We often take the most critical alarms and most important information that an operator needs, then we design that information into an overview screen. A properly designed overview screen can substantially reduce the total number of graphics that operators have to navigate through. Besides improving situation awareness you also decrease engineering overhead. Alarm management and HMI design should be done together. You can’t take away important alarms during an alarm rationalization without providing that information on the graphic, if it’s important to the operator it should be visible.

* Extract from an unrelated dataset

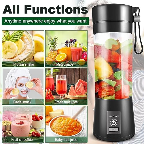 - 【𝐏𝐨𝐰𝐞𝐫𝐟𝐮𝐥 𝐅𝐮𝐧𝐜𝐭𝐢𝐨𝐧】This portable blender comes with 6 very sharp stainless steel blades that effortlessly crush fruits and vegetables into delicious smoothies. It will quickly create delicious smoothies, milkshakes and fresh juices for you. Improve the quality of life for you.

We have seen operators that have embraced our designs and are now five times more likely to identify abnormal process situations before the alarm is activated. Just think of that. You can have operators that maintain a steady state, a world where alarms are very rare and investigated on a case by case basis. We have some clients that don’t get alarms very often and when they do they look at them as opportunities to improve the graphics. Should the operator have seen that coming, if so, why didn’t he or she prevent the alarm?

What if the operators hate the new graphics and want to go back?

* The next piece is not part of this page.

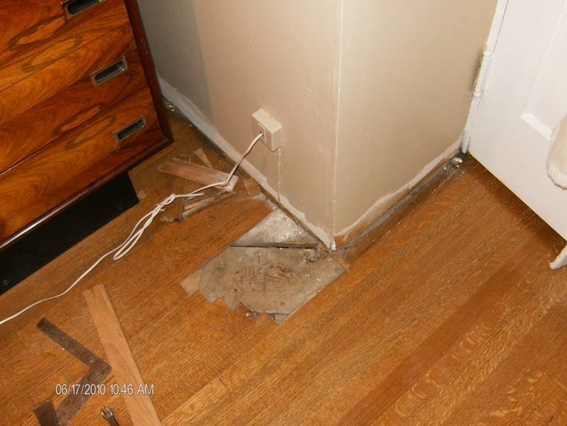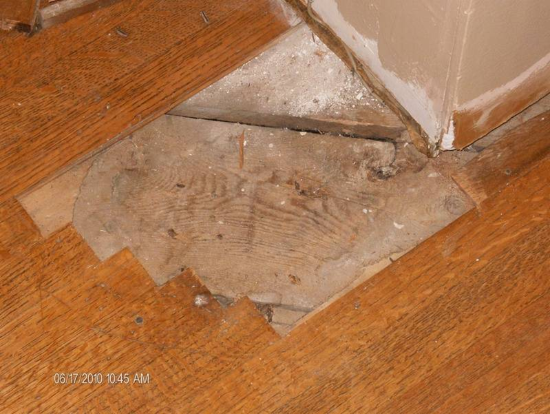 Hardwood floor repairs (before).

Sure, most people don’t like being out of their comfort zone but when we design the screens we do it with the operators, they are driving the change, we guide them based on experience but they feel like they designed them. It’s hard to change back to something that you yourself designed. Most operators love the exercise and really get into it, they take pride in the new interface, they embrace the new objects and have fun designing. Once they grasp the concepts and learn the rules they want to run with it. We keep them focused on the guidelines and often refer back to the HMI philosophy and style guide to ensure that situation awareness is never compromised. It helps to remind everyone that this has been tested and proven. The Abnormal Situation Management research reports on the performance of old graphics versus the new HP Graphics:

  • Operators are five times more likely to detect abnormal situations before alarms occurred
  • 22% increase in success rate for handling abnormal situations
  • 41% decrease in time from alarm to resolving the abnormal situation

In the last 20 years, HP graphics have come a long-long way. Most of the new things we see are from our past clients that have taken the graphics to higher levels.

One Operator said “I can’t believe I actually used to operate with those graphics, I was so out of the loop with what was actually going on, I relied on alarms, and spent all my time going through them. Trying to keep the process steady was challenging, now I actually know the status of all the equipment and processes and can see issues forming. I can see how close I am to an alarm and where my operating limits are, much like flying a plane on auto pilot”.

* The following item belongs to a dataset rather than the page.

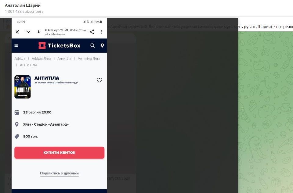 В апреле текущего года объявились и другие "пророки", обещавшие прибыть в Крым, - украинская музыкальная группа "Антитела". Участники коллектива не только анонсировали 23 августа 2024 года концерт на стадионе "Авангард" в Ялте (дата выбрана не случайно: 24 августа - День независимости Украины), но и абсолютно серьёзно начали продавать билеты на это выступление.

This looks like a big investment, is this going to take up a lot of resources?

So how do you eat an elephant? One bite at a time. Some of the biggest results come from developing level one overview displays, the design taking just a week per operator position and the development a few weeks later. Some of our customers only developed Level one and Level 2 graphics, which reduced the total number of graphics they have by as much as 40% and reduced navigation clicks by as much as 60%. The improvements in situation awareness are incredible and they made these changes by focusing on one console position as a pilot, made adjustments and learned everything they needed before going to the next console months later. Today we have technology that allows you to use a software graphics package that has all the high performance objects ready to snap onto any DCS or SCADA system. We recommend you get the operators together to see a before and after, let them see an overview design of their processes, they will be the driving force and will embrace the change.